• Data provided:
=======
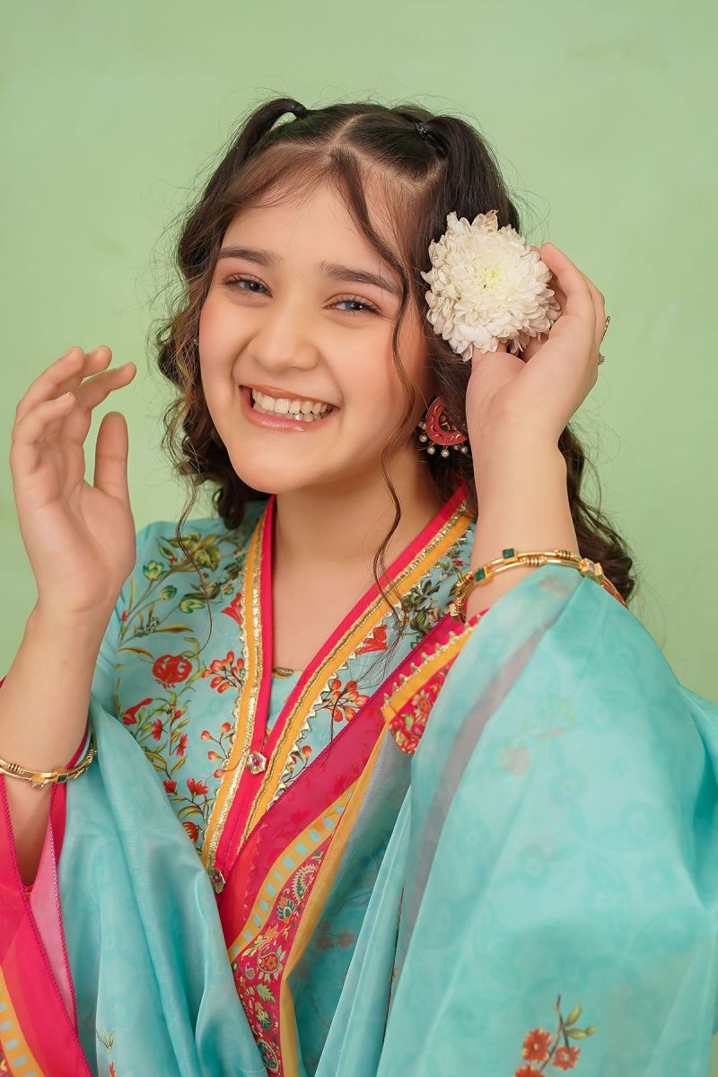 Top: Blue Poly Lawn Digital Printed Coat Style Kurta with Gota Laces and Tassels
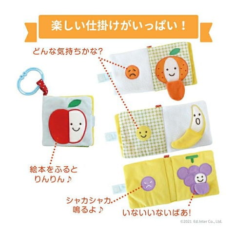商品説明フルーツをめくるとかわいい顔が出てくる、赤ちゃんの大好きなフルーツと表情を掛け合わせた布絵本。
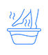 For LLE Therapy, the water is heated at 45 degrees. The patient then keeps the legs soaked in the hot water.
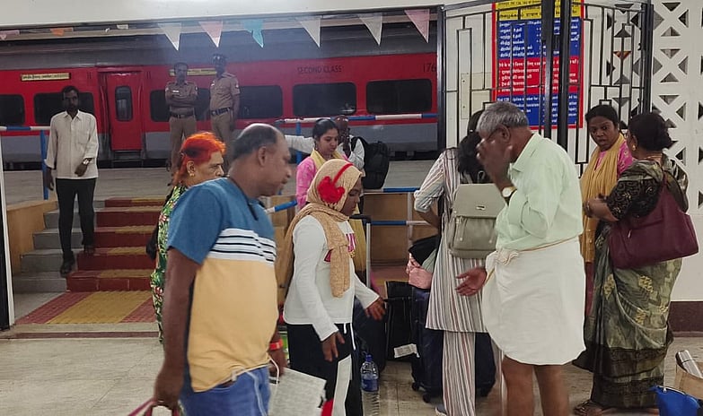போடி ரயில் நிலையத்திலிருந்து திரும்பிச் சென்ற பயணிகள்.
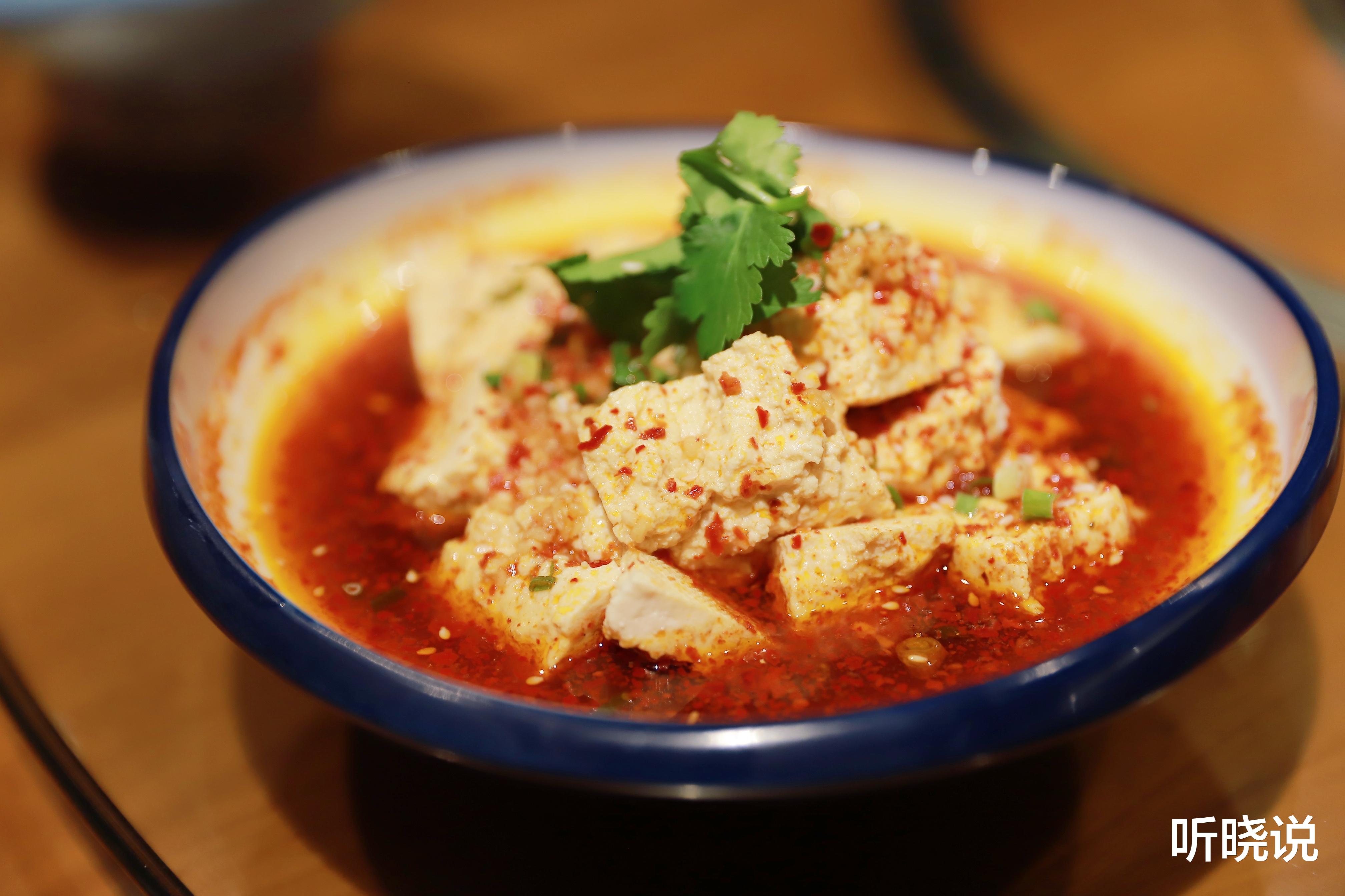 油泼老豆腐味道也很出众,经典的陕西油泼辣子,洒在很有韧劲的老豆腐上,每一口都鲜美诱人。
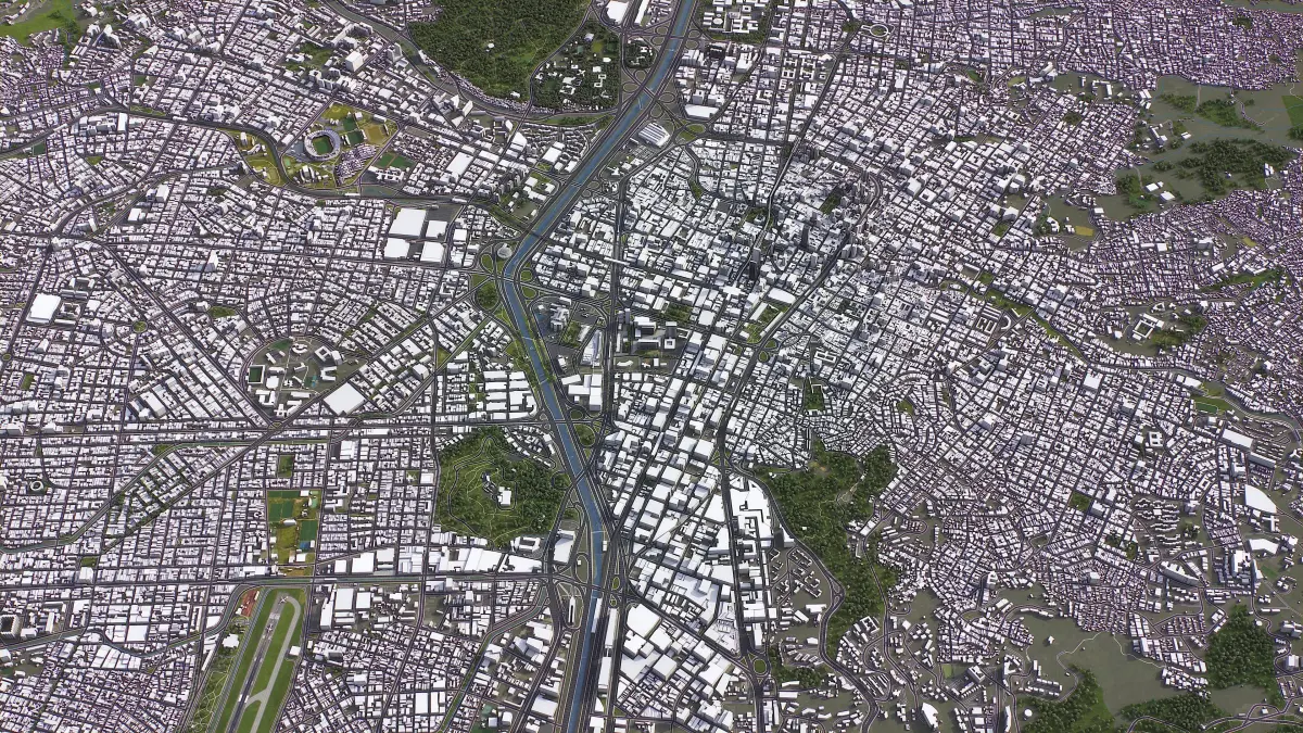 - Integrated Urban Features — Custom placement of buildings, roads, and vegetation on the terrain
=======
• What needs to be done: Reproduce the listing exactly, images omitted.

• Final answer:
 Top: Blue Poly Lawn Digital Printed Coat Style Kurta with Gota Laces and Tassels
商品説明フルーツをめくるとかわいい顔が出てくる、赤ちゃんの大好きなフルーツと表情を掛け合わせた布絵本。
 For LLE Therapy, the water is heated at 45 degrees. The patient then keeps the legs soaked in the hot water.
போடி ரயில் நிலையத்திலிருந்து திரும்பிச் சென்ற பயணிகள்.
 油泼老豆腐味道也很出众,经典的陕西油泼辣子,洒在很有韧劲的老豆腐上,每一口都鲜美诱人。
 - Integrated Urban Features — Custom placement of buildings, roads, and vegetation on the terrain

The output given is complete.